Zubair Qureshi
Special Assistant to the Prime Minister on Climate Change, Malik Amin Aslam has said maintaining transparency and accountability was one of the key components of Ten Billion Tree Tsunami programme and the government always welcomed the engagement of international agencies.
He said Pakistan’s forest restoration journey started in 2014 with the investment in planting trees in Khyber Pakhtunkhwa province (KP).
Special Assistant to the Prime Minister on Climate Change was addressing the inaugural session of the two-day national workshop on “Establishing a geospatial platform for Pakistan’s Ten Billion Tree Tsunami Programme and ecosystem restoration efforts.”
The workshop is being jointly organized by the Ministry of Climate Change (MoCC) and the International Centre for Integrated Mountain Development (ICIMOD), Kathmandu-based non-governmental organisation for development of mountain areas in South Asia.
In his remarks Malik Amin highlighted that initiation of five-yearly State of The Forest Report for Pakistan, based on improved digital field data collection methods and a globally accepted classification approach to ensure transparent monitoring of existing forest as well as plantation under the TBTTP.
The workshop aims to initiate the groundwork for establishing a satellite remote sensing-backed geospatial platform to support ecosystem restoration efforts being made under the ministry’s Ten Billion Tree Tsunami Programme (TBTTP).
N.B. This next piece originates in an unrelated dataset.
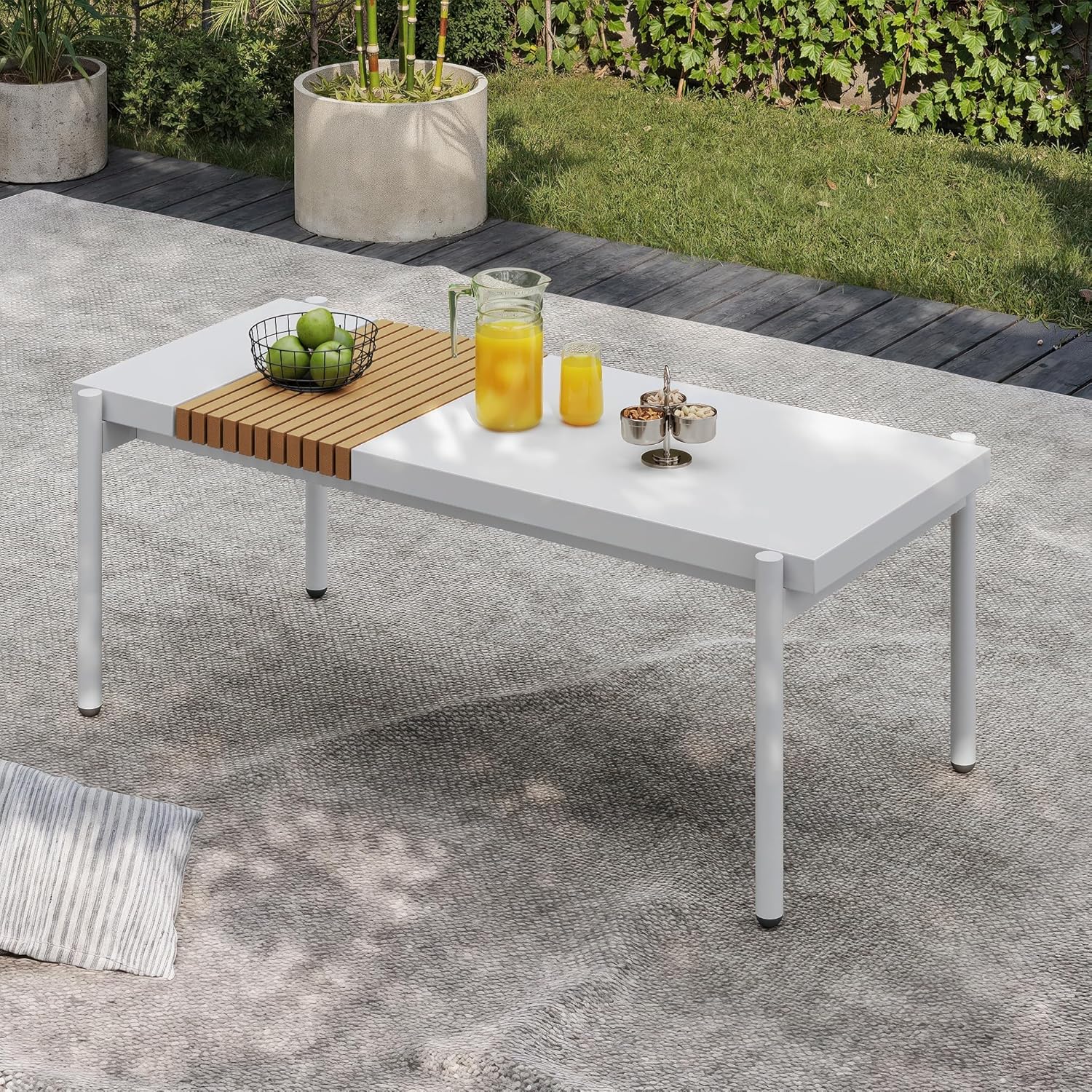 Sundale Outdoor Modern Metal Outdoor Coffee Table with Slatted Wood-Look Tabletop Design, Weather-Resistant Patio Side Table for Garden, Balcony, Poolside(White)

The SAPM informed the audience that the TBTTP was a nationwide initiative and had helped restore over one million hectares of degraded land across Pakistan so far. He further elaborated that the World Economic Forum, the United Nations Development Programme and the UN Food and Agriculture Organization have recognized the programme as the best replicable climate change mitigation and adaptation initiative.
Most recently, the United Nations Environment Programme (UNEP) termed Prime Minister Imran Khan’s Ten Billion Tree Tsunami Plantation (TBTTP) vision as a “Global Leader” initiative.
Director General of the Kathmandu-based non-governmental organisation for development of mountain areas in South Asia, Dr Pema Gyamtsho highlighted the significance of the Hindu Kush Himalaya region that is blessed with rich biological diversity.
He highlighted the significance of the Hindu Kush Himalaya region that was blessed with rich biological diversity and provides critical ecosystem services essential for food security and livelihoods of 1.9 billion people living in the mountains and the river valleys downstream. “The impacts of ecosystem degradation are now visible in the form of increasing frequency and intensity of natural calamities, threatening livelihoods and adding to the suffering and loss of human lives.”, he said.
He recognized the vision of Pakistan’s leadership which took the challenge of reversing ecosystem degradation while meeting the increasing livelihood demands in the mega initiative of the TBTTP.